CameraX can automatically determine the best resolution settings based on the use cases specified in cameraProcessProvider.bindToLifecycle(). Whenever possible, specify all the use cases needed to run concurrently in a single session in a single bindToLifecycle() call. CameraX will determine resolutions based on the set of use cases bound by considering the device’s supported hardware level and by accounting for device-specific variance (where a device may exceed or not meet the stream configurations available). The intent is to allow the application to run on a wide variety of devices while minimizing device-specific code paths.

The default aspect ratio for image capture and image analysis use cases is 4:3.

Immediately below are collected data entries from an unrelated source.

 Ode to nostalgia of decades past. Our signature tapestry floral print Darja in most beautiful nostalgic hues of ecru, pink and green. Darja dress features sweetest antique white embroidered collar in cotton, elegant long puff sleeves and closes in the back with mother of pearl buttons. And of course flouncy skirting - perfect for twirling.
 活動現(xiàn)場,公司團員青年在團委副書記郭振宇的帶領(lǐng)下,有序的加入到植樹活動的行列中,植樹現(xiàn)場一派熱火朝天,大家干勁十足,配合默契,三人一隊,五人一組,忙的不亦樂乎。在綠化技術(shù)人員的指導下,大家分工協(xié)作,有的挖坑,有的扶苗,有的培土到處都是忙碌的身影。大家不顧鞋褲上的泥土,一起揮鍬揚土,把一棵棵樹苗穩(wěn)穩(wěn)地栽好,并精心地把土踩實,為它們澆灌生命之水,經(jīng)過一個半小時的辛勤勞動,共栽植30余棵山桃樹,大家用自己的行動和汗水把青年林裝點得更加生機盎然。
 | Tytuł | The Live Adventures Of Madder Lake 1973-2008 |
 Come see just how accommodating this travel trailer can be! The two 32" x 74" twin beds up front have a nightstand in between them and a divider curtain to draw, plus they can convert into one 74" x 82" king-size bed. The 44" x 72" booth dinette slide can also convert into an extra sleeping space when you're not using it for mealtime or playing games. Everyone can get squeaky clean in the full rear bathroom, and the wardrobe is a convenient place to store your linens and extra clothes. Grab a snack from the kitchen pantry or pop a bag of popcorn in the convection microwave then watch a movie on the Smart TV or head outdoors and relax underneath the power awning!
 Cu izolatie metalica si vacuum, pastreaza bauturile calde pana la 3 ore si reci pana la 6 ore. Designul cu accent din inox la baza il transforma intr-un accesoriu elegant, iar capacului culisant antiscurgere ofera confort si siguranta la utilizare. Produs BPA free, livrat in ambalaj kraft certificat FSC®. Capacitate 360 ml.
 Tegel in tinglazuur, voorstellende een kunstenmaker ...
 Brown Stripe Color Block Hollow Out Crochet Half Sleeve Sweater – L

Use cases have a configurable aspect ratio to allow the application to specify the desired aspect ratio based on UI design. CameraX output will be produced to match the aspect ratios requested as closely as the device supports. If there is no exact-match resolution supported, the one that fulfills the most conditions is selected. Thus the application dictates how the camera should appear in the app, and CameraX determines the best camera resolution settings to satisfy that on different devices.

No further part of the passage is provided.